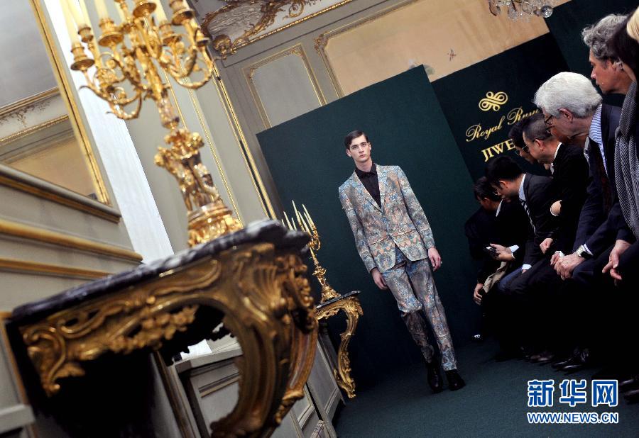 11月13日,在法国巴黎旺多姆广场,模特展示时装。为纪念中法建交50周年,助兴当日在法国首都巴黎召开的中法时尚峰会,以设计时尚男装闻名的JIWENBO高级成衣品牌发布会在巴黎旺多姆广场举行。新华社记者陈晓伟摄
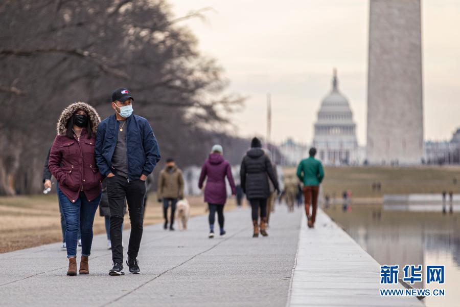 1月24日,在美国首都华盛顿,人们戴着口罩在林肯纪念堂倒影池附近游览。新华社发(亚伦 摄)
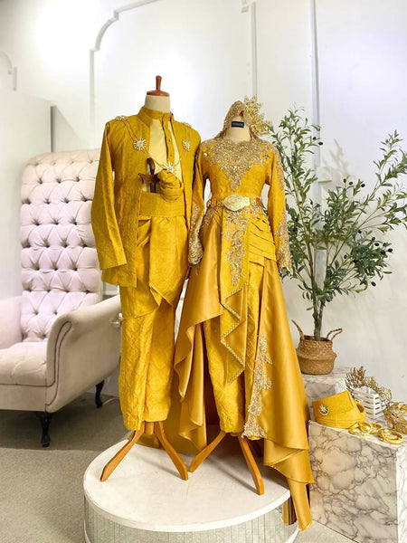 A luxurious Baju Sanding set in rich Mustard Gold Songket 3D, designed for couples who value both elegance and individuality.
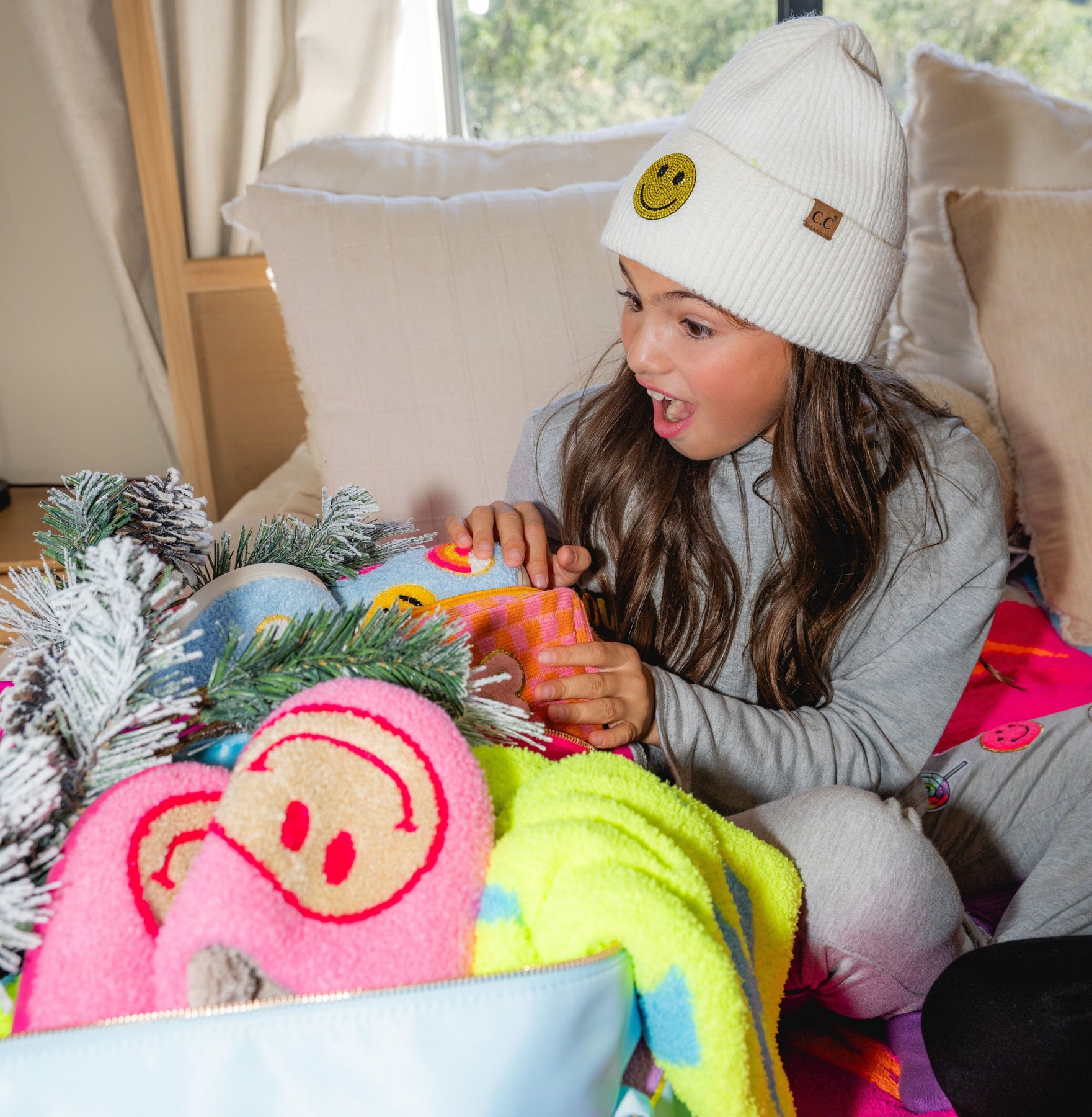 These Hot Pink Plush Slippers with a Beige Happy Face!
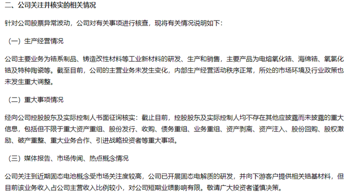 此外,公司表示,关注到近期固态电池概念受市场关注度较高,公司已开展固态电解质的研发,并向下游客户提供相关锆基材料,但目前该业务收入占公司主营收入比例较小,对短期业绩影响有限。
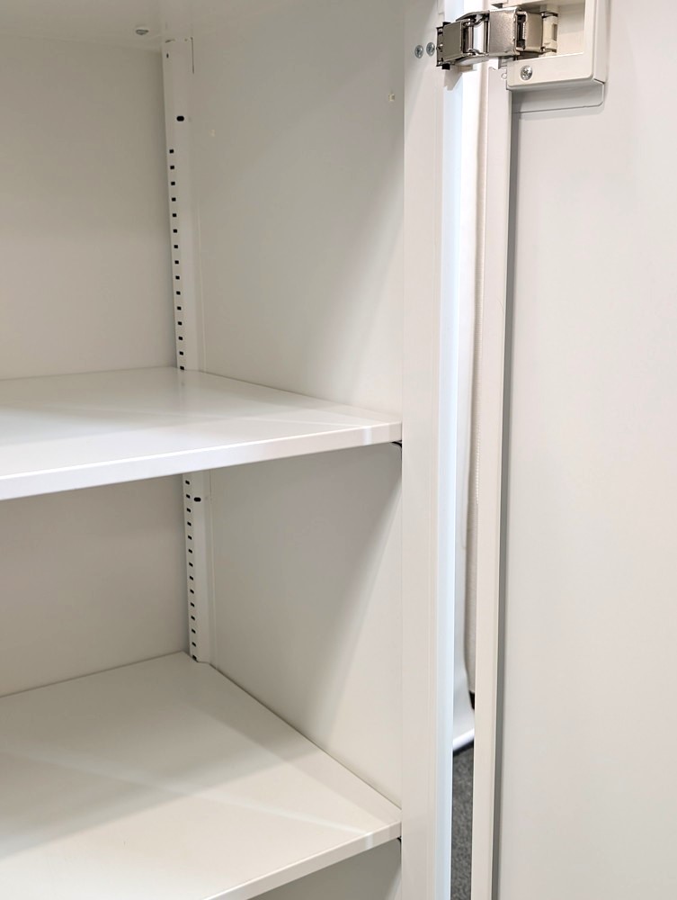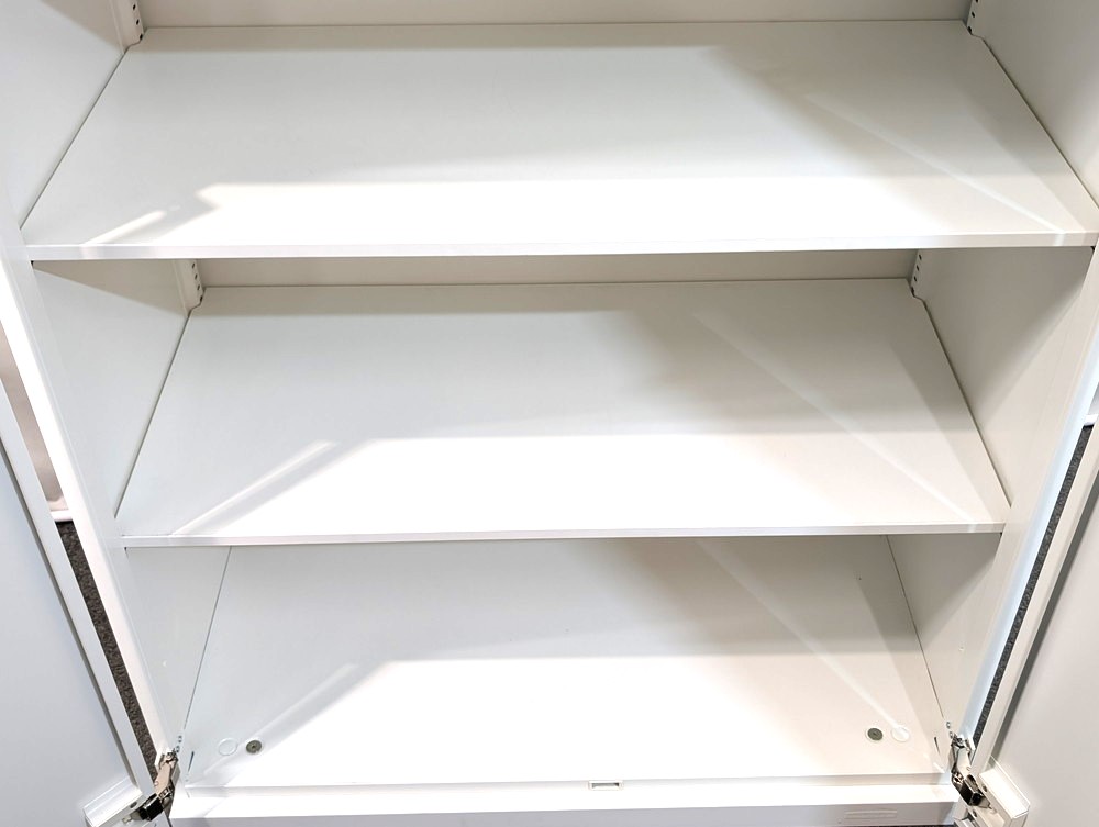 可動棚板により収納物に合わせたレイアウト調整が可能で、書類や備品の整理整頓に最適です。
━━━━━━
Activity: Pictures do not go in the copy. Write out exactly the lines from the line containing "A luxurious Baju" through the last line of the listing.

Task response:
 A luxurious Baju Sanding set in rich Mustard Gold Songket 3D, designed for couples who value both elegance and individuality.
 These Hot Pink Plush Slippers with a Beige Happy Face!
 此外,公司表示,关注到近期固态电池概念受市场关注度较高,公司已开展固态电解质的研发,并向下游客户提供相关锆基材料,但目前该业务收入占公司主营收入比例较小,对短期业绩影响有限。
 可動棚板により収納物に合わせたレイアウト調整が可能で、書類や備品の整理整頓に最適です。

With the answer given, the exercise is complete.